Warnings amid the troika praise

By Poly Pantelides

CYPRUS’ recovery programme is on track, the island’s international lenders have said following the completion of the EU/IMF’s first mission to Cyprus to review the island’s bailout programme.

“We found the programme to be on track, authorities made good progress towards meeting their objectives,” the International Monetary Fund’s (IMF) Mission Chief Delia Velculescu said on Wednesday during a conference call on the conclusion of the first review mission.

The European Central Bank (ECB), the European Commission and the IMF had been visiting the island for the past two weeks to review the implementation of the Memorandum of Understanding (MoU) agreed as part of Cyprus’ €10 billion bailout in March.

Velculescu said the authorities’ fiscal measures in December 2012 and in April 2013 led to a “better fiscal performance measured up against programme targets”.

But although she said there was no need to revise any longer term economic assumptions, she also warned “uncertainty [remained] large”.

That uncertainty harbours risks as does the economic recession in light of the banking sector’s restructuring and capital controls, Velculescu said.
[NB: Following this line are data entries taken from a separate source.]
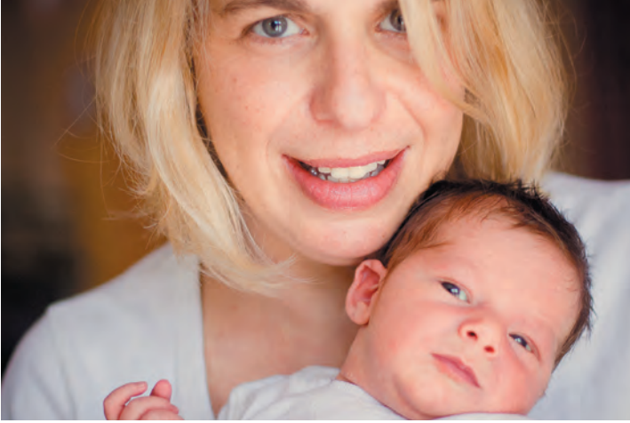
Andro v maminem naročju.
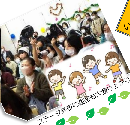
ステージ発表に観客も大盛り上がり
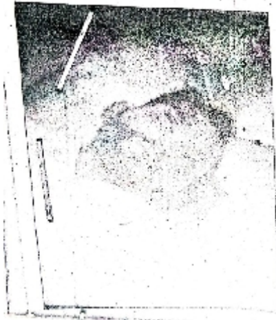
سیریل نمبر 18
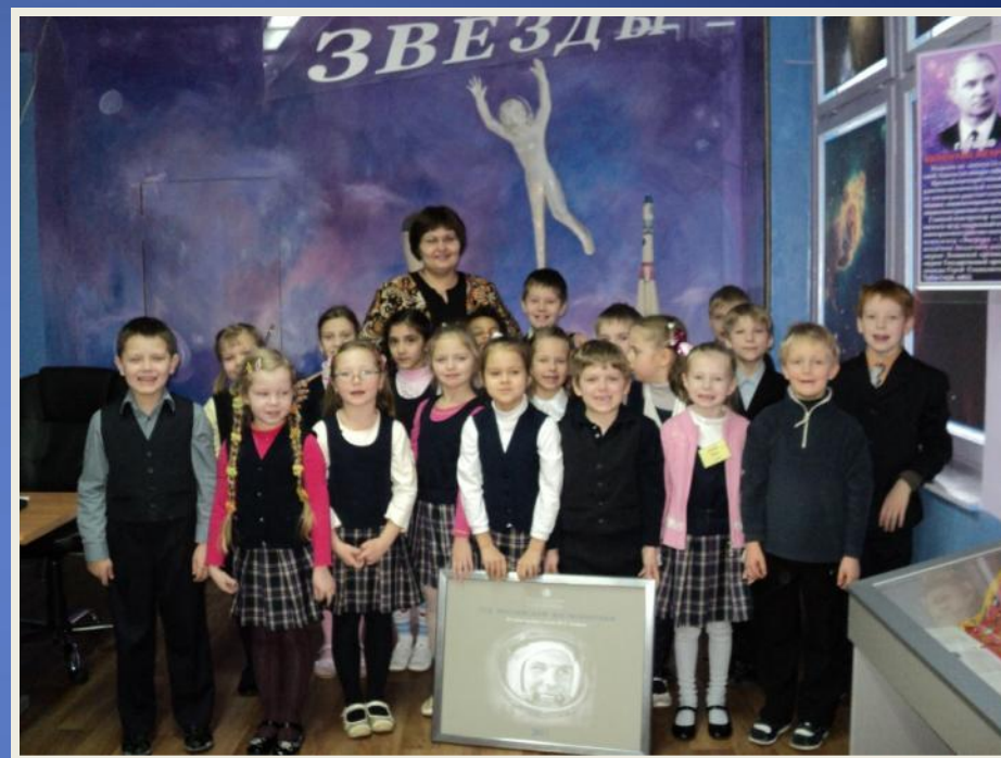
В школьном музее КОСМОНАВТИКИ
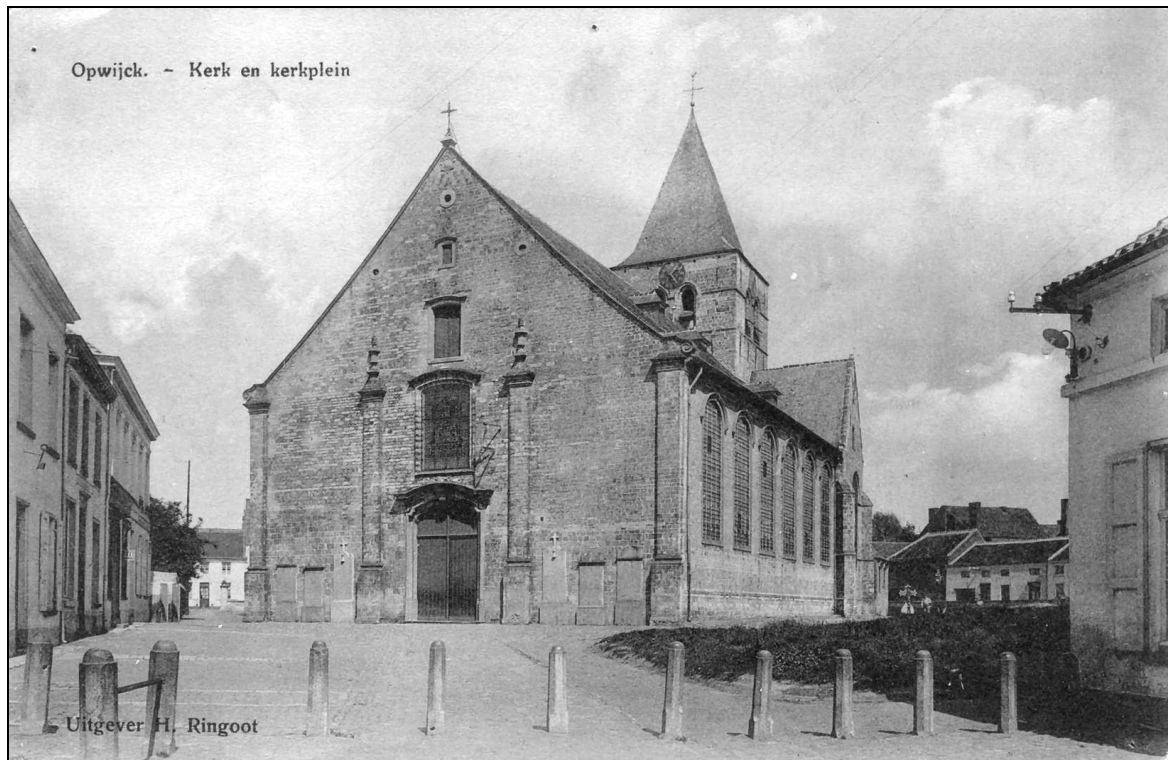
Op deze foto (oude prentkaart) ziet men duidelijk dat de noordoostgevel van het gebouw rechts (latere bakkerij Mannaert), wellicht vanaf de 2de helft 19de eeuw, voorbij de (aanvankelijke) zuidwestgrens (arduinen paaltjes) van het kerkhof (kerkdomein) staat.

Depositors in Cyprus still have to abide by capital controls, including limits on cash withdrawals and transfers, enforced in March to stop capital flight.

Velculescu said authorities have prepared a road map on gradually relaxing capital controls and restructuring the banks. The Bank of Cyprus’ (BoC) exit from the administration status, announced on Tuesday, was an “important step”, she said. To do that, BoC depositors have taken a 47.5 per cent loss on their deposits of over €100,000, in return for equity.
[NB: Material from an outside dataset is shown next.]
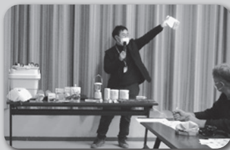
▲防災グッズにもなる商品を紹介

無印良品アスモ高山から講師を迎え、災害への備え方、防災グッズに関する情報を教えていただきました。また、災害時に役立つテント組立訓練も行いました。
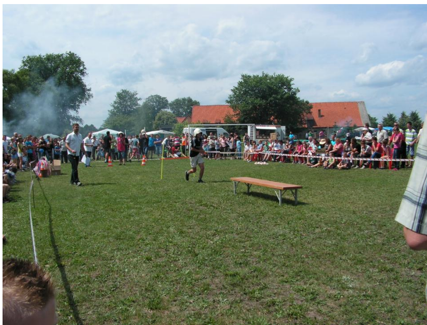
Turniej Wsi Owczegłowy 2012

Obecnie mieszkańcy dojrżeli już do wykonania takich zadań, które będą przyczyniały się do zwartości, integracji mieszkańców. Chcą pracować na rzecz całego sołectwa. Przedstawiony plan jest tego dowodem. Zauważają wagę kultury, sportu, rekreacji i wypoczynku. Całe przedsięwzięcie związane z utworzeniem kompleksu „OCRSW” jest nie lada wyzwaniem, ale mieszkańcy są gotowi do jego realizacji. Będą na bieżąco współpracować z władzami różnych szczebli. Plan zadań, w zależności od postępu prac, będzie uaktualniany i monitorowany. Bieżąca modyfikacja i weryfikacja zaplanowanych działań będzie przebiegała od rozpoczęcia aż do zakończenia prac, a czuwać nad tym będą władze sołectwa w osobach sołtysa i Rady Sołectkiej. Utworzenie „OCRSW” zaowocuje poprawą warunków rozwoju fizycznego dzieci, rozbudzeniem zainteresowań sportowych, a przede wszystkim ogólną integracją mieszkańców. Sąsiedztwo świetlicy pozwoli na organizację dużych imprez sportowych jak i kulturalnych dla mieszkańców sołectwa, gminy i nie tylko. Będzie to również niejako wizytówka sołectwa, które nie miało nigdy możliwości czymś takim się pochwalić. Owczegłowy postrzegają nowopowstające „OCRSW” jako okoliczność sprzyjającą ogólnemu rozwojowi sołectwa, bowiem obfitość obszarów leśnych, bliskość jezior zachęca do szeroko rozumianej turystyki zarówno pieszej, rowerowej jak i konnej.

Finance Minister Harris Georgiades said that a smaller cut would still have ensured the BoC met regulatory capital requirements, but said that the higher, conservative, figure would “without a doubt” strengthen confidence in the bank. Sources have said the island’s lenders had insisted on the higher figure.

Velculescu said there was still a lot of work to be done as part of the bank’s restructuring. But while the IMF will be assessing the situation, the troika of lenders will not intervene on the BoC business model as such, she said. As part of Cyprus’ bailout, BoC was placed in administration in March, while the insolvent Laiki was shut down.

Velculescu also referred to other moves by Cyprus, including tackling tax evasion and money laundering.

The ECB said in a statement that “authorities have taken decisive steps to stabilise the financial sector and have already been gradually relaxing deposit restrictions and capital controls.” But the regulators warned that “risks [remained] substantial”.

“Continued full and timely policy implementation is essential for the success of the programme,” the ECB said.

The ECB said that indicators confirm an expected contraction of the island’s economic output of some 13.0 per cent during 2013-2014, with the labour market taking a bigger hit than anticipated, and unemployment rising. The ECB did say confidence had slightly improved and expected non-financial services to drive a modest recovery of growth from 2015 onwards.

Georgiades referred to a “positive result” earlier yesterday but added there was no room for complacency.

“There are great challenges lying before us,” Georgiades said, adding they would intensify efforts in the future and work towards handling state budgets “very carefully”.

But he said the island was able to meet its fiscal targets for the year without additional austerity measures.

He added they should expect no surprises when the IMF and the eurozone’s finance ministers meet in September to approve the disbursement of the next tranche of bailout aid of just over €1.5 billion.